Extracted Anchor Example

Input:  "Hi, I'm John Doe, lead developer at FakeCompany"
Output: "User identity: John Doe; role: lead developer; company: FakeCompany."

Numeric Fact Anchoring

Budgets, costs, and accuracy percentages are extracted by regex and stored as session-level fields. They never pass through the summarizer and cannot be summarized away.

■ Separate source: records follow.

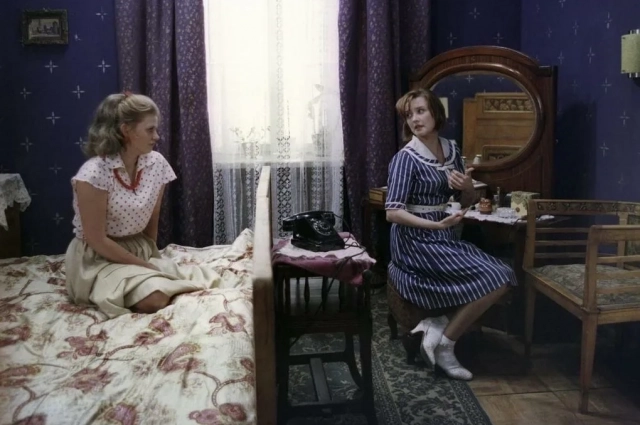 Платья Людмилы и Катерины производят впечатление одежды, которую модели демонстрируют на подиуме. Да, когда они играли в профессорских дочек, им нужно было выглядеть соответствующе. Но где взять-то роскошные платья? Как сделать такие прически? Девушки ведь живут в общежитии, лишних денег нет. Тося попроще. «Сестры» же в течение двух серий, знай, меняют наряды. Хотя платья и костюмы в советское время тоже нужно было добывать, изощряясь, шить у портних или в ателье. Художник по костюмам в фильме Жанна Мелконян сделала невозможное — в отличие от мужских ансамблей, женские выглядят вне времени. Особенно, если учесть, что уже лет двадцать в России не спадающий бум на винтаж.
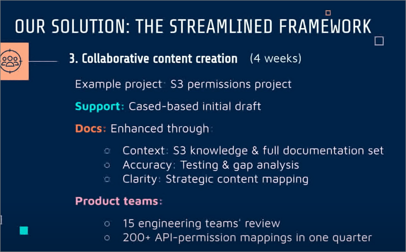 협업 프로세스를 보면 지원팀에서 기본적인 초안을 작성하고(이건 좀 독특하네요. 보통은 제품이나 구현 쪽에서 초안을 작성하는데, 이번 케이스의 경우 지원팀에서 어떤 식으로 고객 지원을 반복해서 한다는 내용이니깐), 문서팀에서는 초안을 보완합니다. 그리고 엔지니어링 쪽(15개 팀이라고 합니다. 일반적으로 그 많은 팀으로부터 피드백을 받는다는 것은 상상하기도 힘든 일이죠)에서 검토를 하는데 딱 필요한 내용만 확인할 수 있도록 문서팀에서 어느 정도 완벽한 세트를 만들어서 제공합니다. 이전에는 4개의 케이스만을 문서에 담았었는데 이제는 200여 개가 넘는 케이스에 적합한 내용을 문서에 담을 수 있었다고 합니다.
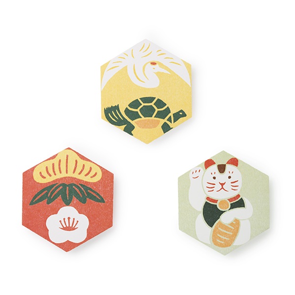 吉祥形の六角のぽち袋。松竹梅、鶴亀、招き猫といった縁起の良いモチーフが、温かみのある図柄で表現されています。伝統的なのに個性的なお年玉は、もらう人も嬉しくなりそう!
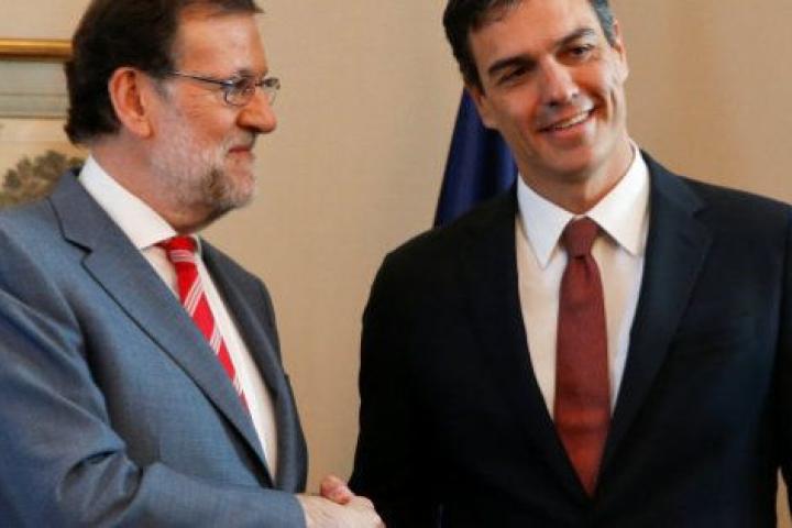 Esta imagen dista mucho de la que ofrecieron hace cinco meses, cuando Rajoy esquivó la mano del líder de los socialistas, entre gestos de evidente frialdad. Esa ocasión, posaron de pie, con gesto muy serio y en ningún momento se estrecharon las manos, pese a que Sánchez hizo el gesto de tendérsela.
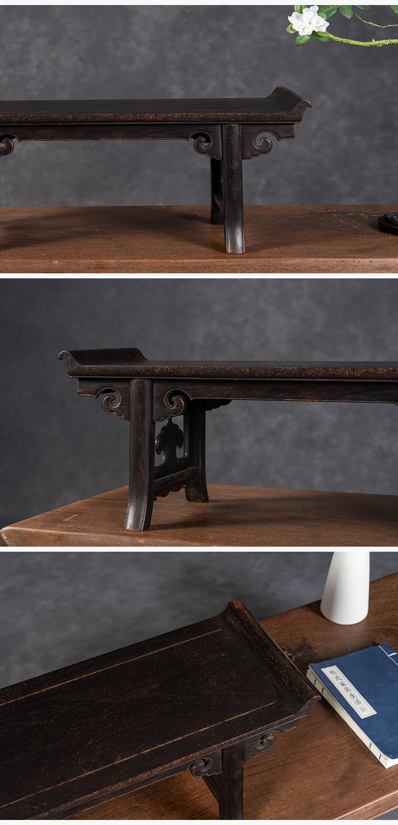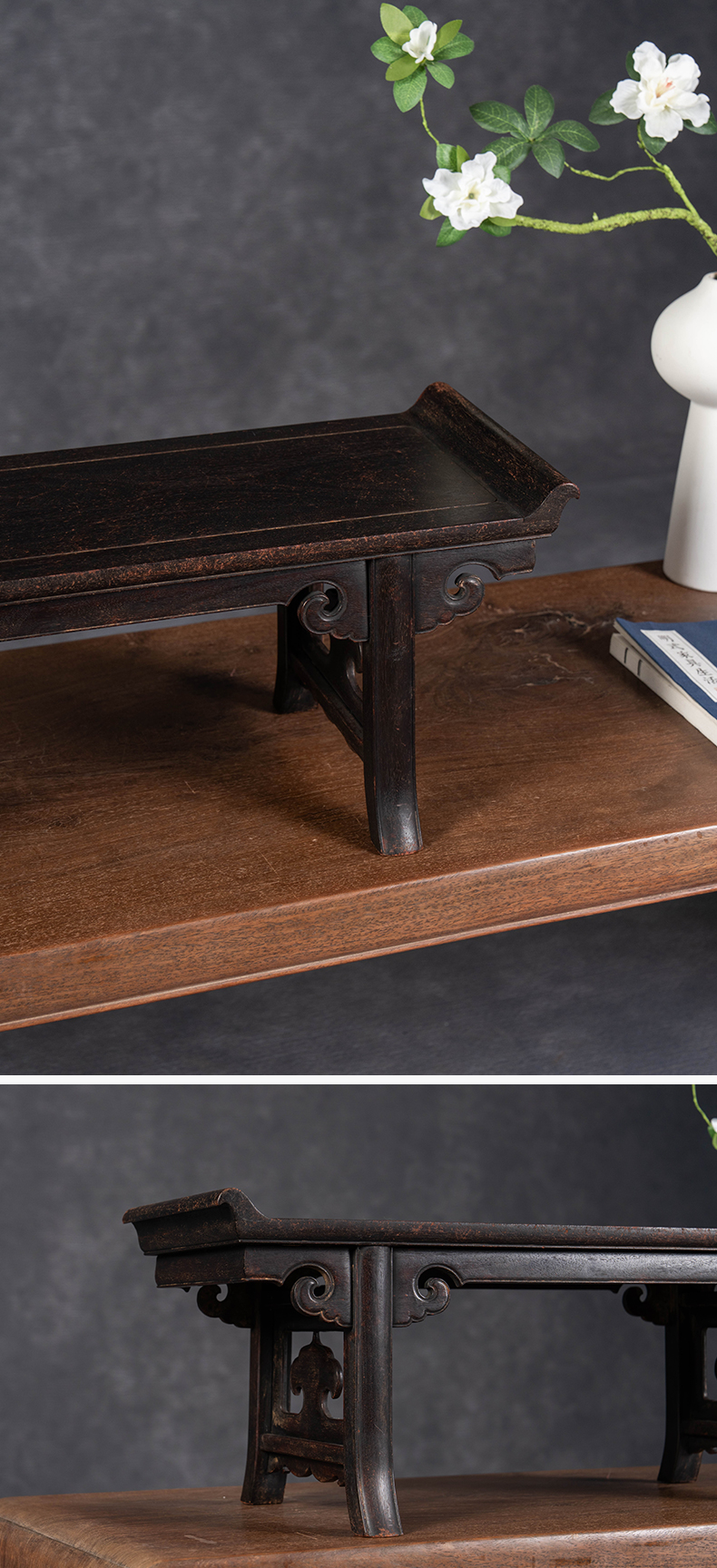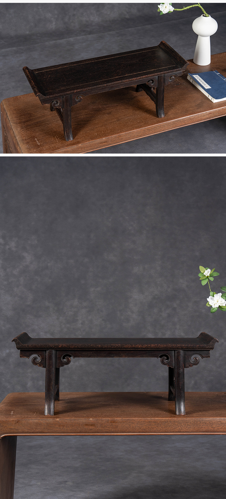 清 紫檀夹头榫如意云纹翘头案中案
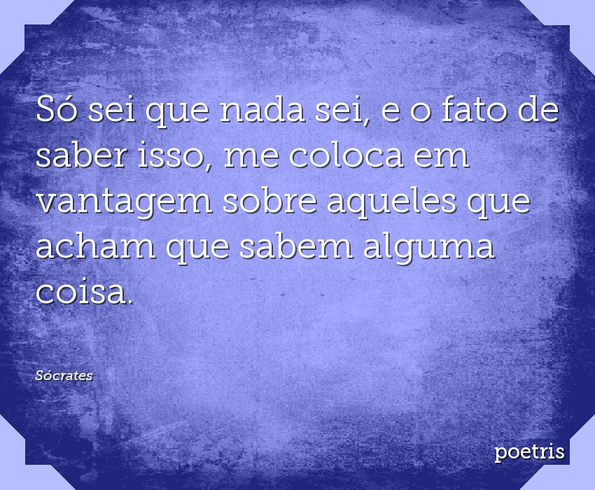 Só sei que nada sei, e o fato de saber isso, me coloca em vantagem sobre aqueles que acham que sabem alguma coisa.
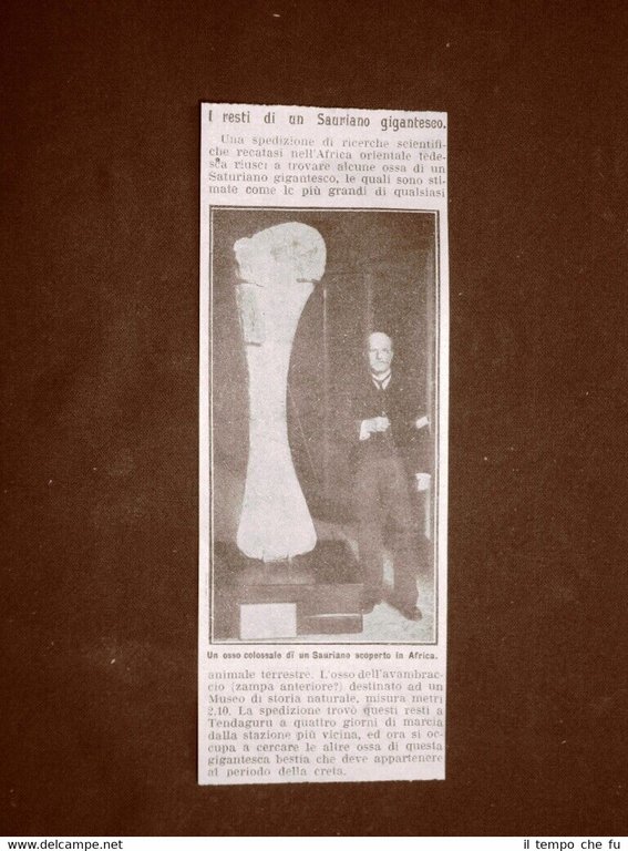 Rara stampa estratta da pubblicazione del 1910. .stampa che ha quindi oltre 109 anni! In Africa nel 1910 Scoperta di un osso colossale di un Sauriano II1910-065 Dimensioni Cm 6,00 x 16,00 Qualora vogliate delle scansioni migliori contattateci, soddisferemo ogni vostra richiesta. Paypal Carta di credito Bonifico bancario Spedizione con posta ordinaria o raccomandata scelta dall'acquirente nel momento del pagamento

Python - sliding_window.py

def _extract_numeric_anchors(user_message):
    out = {}

    base_budget = re.search(r"\bbudget(?:\s+is|\s+of)?\s+\$([0-9,]+)", text)
    if base_budget:
        out["budget_base"] = base_budget.group(1)

    aws_monthly = re.search(r"\$([0-9,]+)/month", text)
    if aws_monthly and "aws" in lower:
        out["aws_monthly_cost"] = aws_monthly.group(1)

    accuracy = re.search(r"(\d+(?:\.\d+)?)%\s+accuracy", text)
    if accuracy and "maria" in lower:
        out["maria_accuracy"] = accuracy.group(1)

    # Also captures: React, FastAPI, PostgreSQL as stack anchors
    return out

Why regex and not the LLM? Because regex is deterministic, free (zero tokens), and instant. We use the LLM for things that require understanding (summarization); we use regex for things that require precision (extracting "$3,500/month" exactly).

The Rolling Summary

When messages fall off the window, they are summarized. The summary prompt is carefully designed to extract only user-stated facts and preserve specific identifiers.

Python - sliding_window.py

SUMMARY_SYSTEM_PROMPT = (
    "Summarize this conversation concisely as a durable MEMORY SNAPSHOT.\n"
    "Rules:\n"
    "- Use ONLY information explicitly stated by the user.\n"
    "- Do NOT invent, assume, or infer missing details.\n"
    "- Preserve specific details: names + roles, numbers/budgets,\n"
    "  dates/deadlines, SLAs, URLs, technology choices, and decisions.\n"
    "Output format:\n"
    "User:\nProject:\nPeople:\nTech:\nRequirements:\n"
    "Dates:\nBudget/Costs:\nIntegrations:\nLinks:\nMetrics:\n"
)

The Chat Flow - Context Assembly

Here is how the Sliding Window builds the messages array that gets sent to the LLM:

Python - sliding_window.py

async def chat(sessions_container, openai_client, session_id, user_message, ...):
    # 1. Load session metadata from Cosmos
    session = await read_or_default(sessions_container, session_id, default={...})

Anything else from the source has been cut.